5 Keys to Data Analytics Optimization
We discussed the challenges posed by traditional data lakes and data management strategies in a previous blog post, so we won’t rehash them here. Instead, let’s talk about solutions that can optimize your business’s data analytics outcomes.
1. De-silo Your Data
Effective data analytics requires the ability to de-silo your data. That means the ability to ingest any data from any source, then analyze it centrally. Whether dealing with sales records, application logs or even support tickets, you should be able to move them to a data analytics platform in a consistent way.
Equally important is a simple data ingestion process. You shouldn’t need to move your data across multiple cloud services in order to get it into your analytics platform. Ideally, you should be able to ingest it directly, no matter what the data source is.
READ: Data Transformation & Log Analytics: How to Reduce Costs and Complexity
2. Optimize Analytics Costs
Relatedly, the more often you move and transform data in order to analyze it, the more you’ll pay for data analytics.
So strive to keep ingestion, storage and analytics architectures simple. Not only does simplicity translate to easier management, but it also reduces expenses.
3. Be Structure-agnostic
Data structures come in multiple forms. Some data, like that found in a relational database, is highly structured. Other data is semi-structured: It’s not rigidly organized, but it may at least be tagged or categorized. And still other data has no structure whatsoever.
Your data analytics stack should be able to accommodate data in all three of these forms -- structured, semi-structured and unstructured -- equally well. And it should not require you to transform or restructure data in order to analyze it.
4. Be Use-case Agnostic
Data analytics can support a wide variety of use cases, from business intelligence, to software development, to software deployment and reliability management and beyond.
In order to deliver the greatest value, a data analytics solution should be able to operationalize every potential use case. Even if you don’t need data analytics for a particular workflow today, who knows what the future will bring. Don’t get tied down by a data analytics stack that can only work with some kinds of data, or that can only deliver insights for certain types of use cases.

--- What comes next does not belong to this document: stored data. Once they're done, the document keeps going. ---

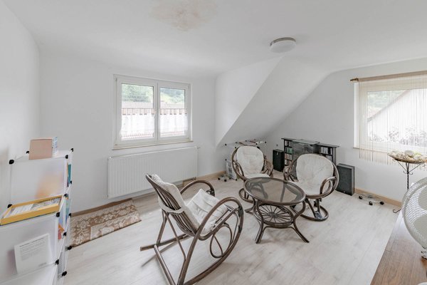 Im Erdgeschoss befinden sich eine Küche, ein Wohnzimmer, zwei Schlafräume sowie ein Badezimmer. Das Obergeschoss verfügt über 4 weitere Zimmer und eine Toilette. Hier könnte man mit etwas Aufwand ein Zimmer in eine Küche verwandeln.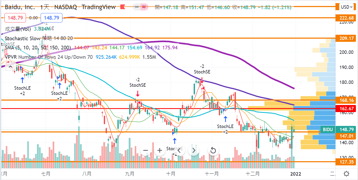 B-百度 09888 現價109.6(-2.00/-1.8%) -美股股價上周四顯著反彈,一口氣重越5天、10天及20天三條平均線,並重上147美元支持線之上,140美元以下正逐步形成新的支持區,如後抽守住20天線,或可進場一注好倉,下周可多加留意。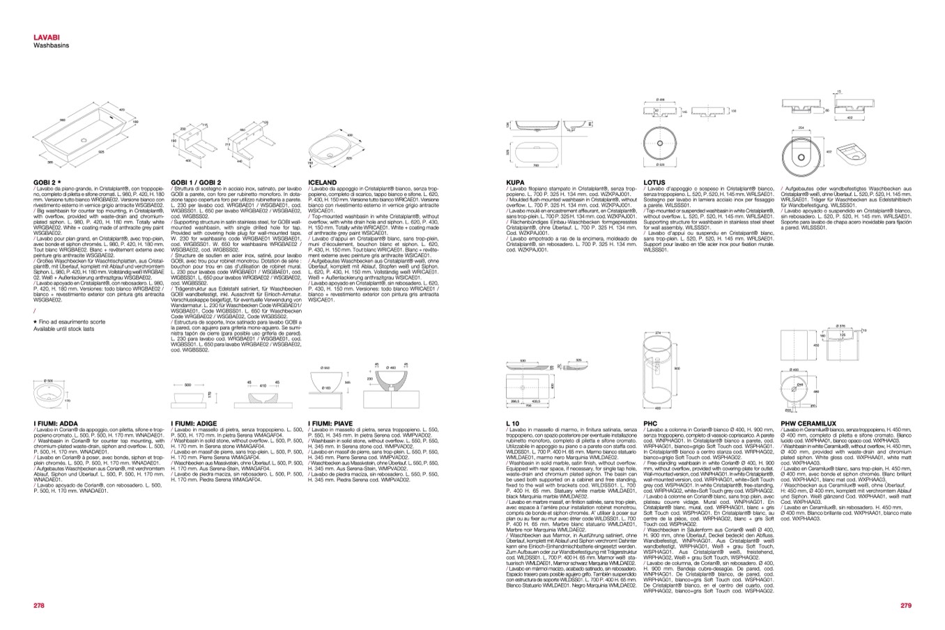 L. 230 per lavabo cod. WRGBAE01 / WSGBAE01, cod.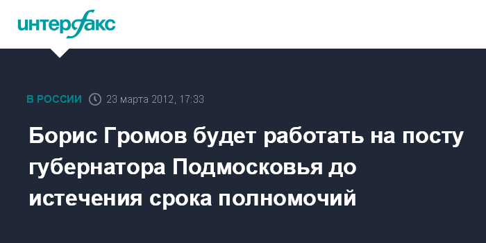 Борис Громов будет работать на посту губернатора Подмосковья до истечения срока полномочий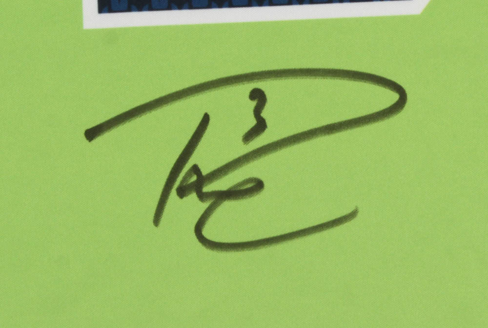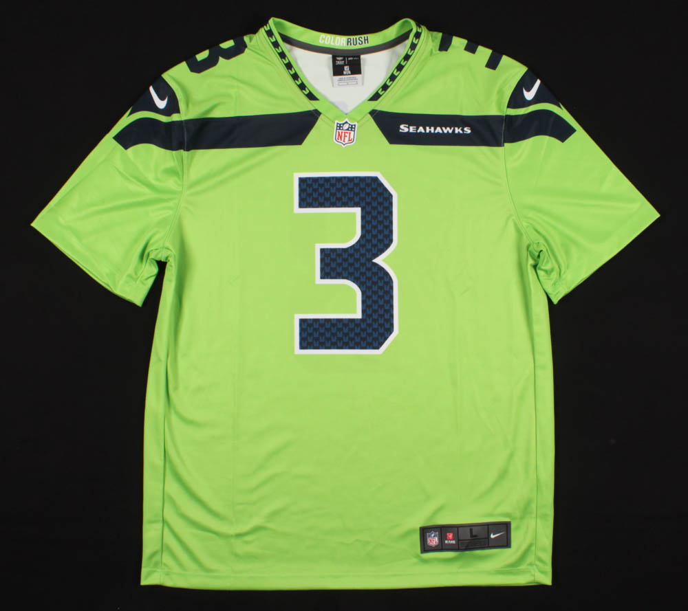 Nike on-field style jersey. Everything is printed on, size L. Hand-signed in black felt-tip pen by Russell Wilson (Seattle Seahawks).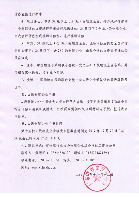 6、通告。中國物流與采購聯合會統一發文公布A級物流企業名單,并在相關媒體通告,接受社會監督。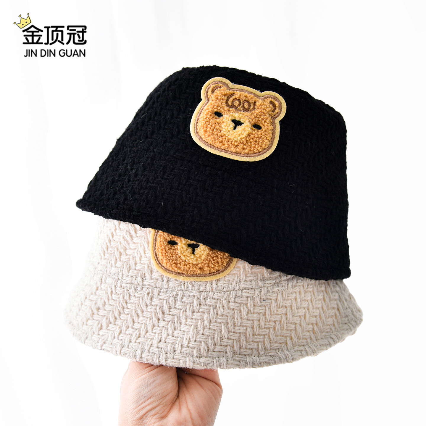 儿童帽子秋冬季小熊渔夫帽

5. Optimize Data Performance
Last but not least, be smart about the way you move, transform, and analyze data. Conventional approaches to data analytics essentially adopt a 1970s-era mindset. They rely excessively on indexing, they don’t take full advantage of the cloud, they require inflexible data structures and so on.
A modern data analytics approach works differently. It makes full use of compression, avoids unnecessary sharding and leverages high-performance cloud storage to ensure rapid data movement, access and analytics.
All of the above are at the core of ChaosSearch’s approach to data analytics. They’re what make ChaosSearch different from the outmoded analytics solutions that require you to build a data lake, move data around a bunch of times, force it into rigid structures, shard it and only then analyze it.
READ: 9 Essential DevOps Tools
Optimizing Data Analytics in Real Life: HubSpot’s Experience
To illustrate what data analytics optimization looks like in practice, consider the experience of HubSpot, which Mike and Thomas detailed in the webinar.
Initially, HubSpot relied on a self-hosted ELK environment to analyze the 20 terabytes of CDN log data that it produced each day. The solution required three full-time employees to manage and cost $300,000 per month in AWS hosting costs alone. HubSpot was also able to retain data under this approach for only ten days.
Unhappy with this state of affairs, HubSpot moved to ChoasSearch, a fully managed SaaS solution that HubSpot can manage with the part-time effort of a single employee. The analytics stack now costs HubSpot about $70,000 per month, delivers 99.999 percent uptime and supports 90-day data retention.
Conclusion
There are lots of possible approaches to data management and analytics.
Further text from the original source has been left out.